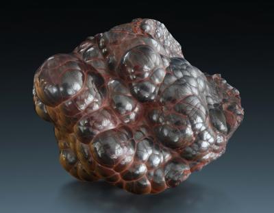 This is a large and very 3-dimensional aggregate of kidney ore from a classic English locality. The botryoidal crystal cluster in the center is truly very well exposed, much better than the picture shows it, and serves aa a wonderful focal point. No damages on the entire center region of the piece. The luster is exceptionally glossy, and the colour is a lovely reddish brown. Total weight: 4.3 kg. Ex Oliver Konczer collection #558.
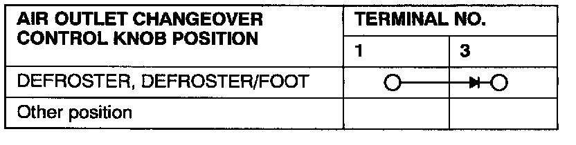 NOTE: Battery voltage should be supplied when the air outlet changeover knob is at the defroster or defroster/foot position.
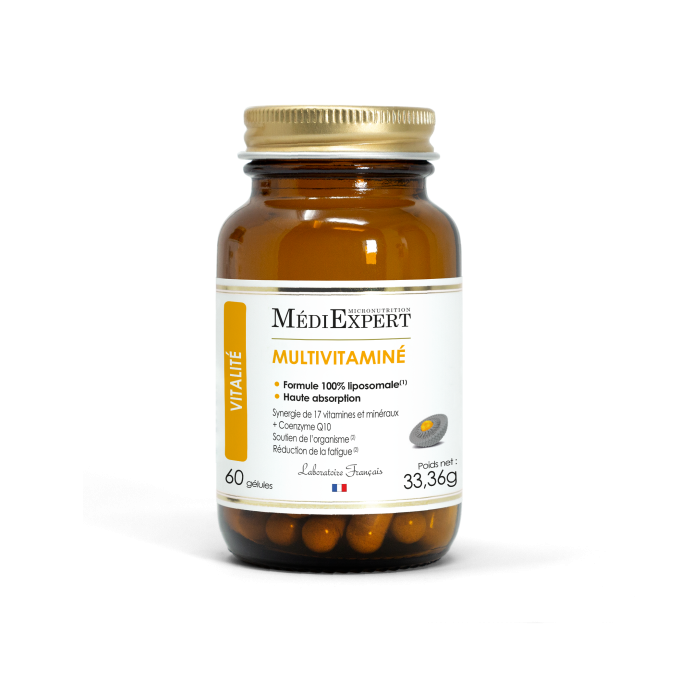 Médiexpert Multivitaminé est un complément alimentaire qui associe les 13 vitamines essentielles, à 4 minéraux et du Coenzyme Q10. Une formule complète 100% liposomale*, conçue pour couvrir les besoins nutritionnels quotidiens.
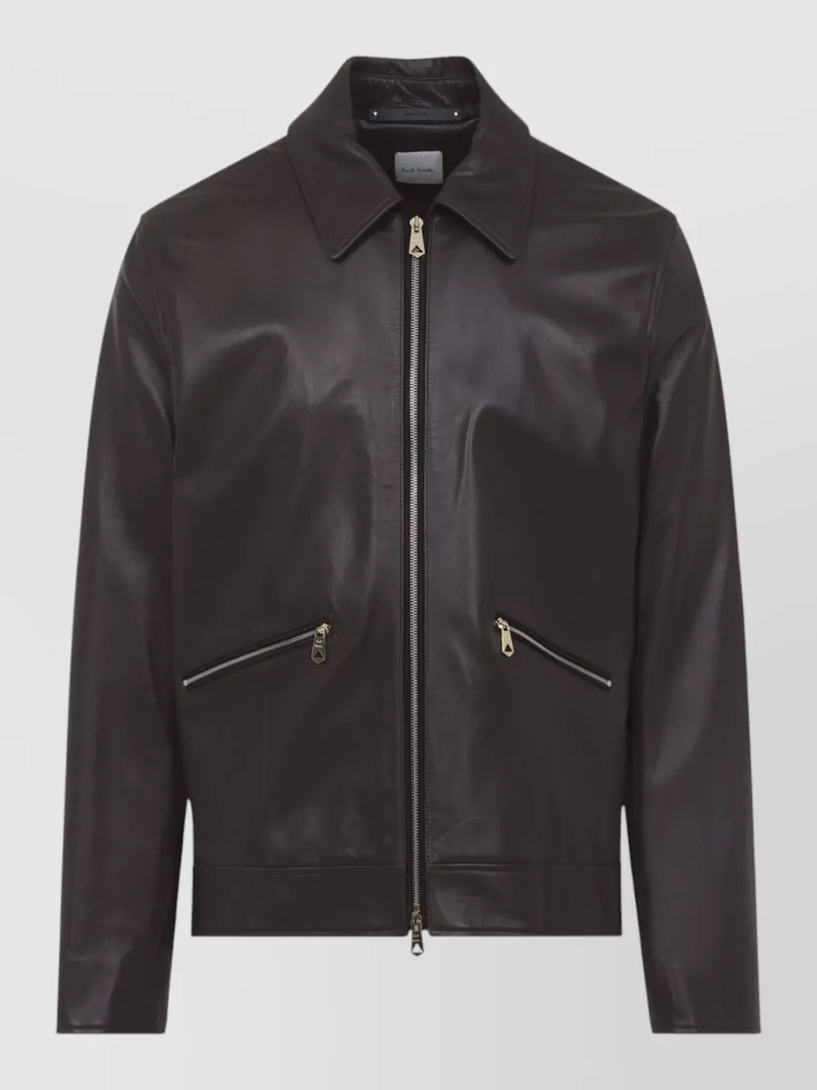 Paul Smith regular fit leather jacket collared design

REQUIRED WORK:
Restate word for word the lines starting at the one that contains "NOTE: Battery voltage" and ending at the last line of the data. Skip every picture.

TASK ANSWER:
 NOTE: Battery voltage should be supplied when the air outlet changeover knob is at the defroster or defroster/foot position.
 Médiexpert Multivitaminé est un complément alimentaire qui associe les 13 vitamines essentielles, à 4 minéraux et du Coenzyme Q10. Une formule complète 100% liposomale*, conçue pour couvrir les besoins nutritionnels quotidiens.
 Paul Smith regular fit leather jacket collared design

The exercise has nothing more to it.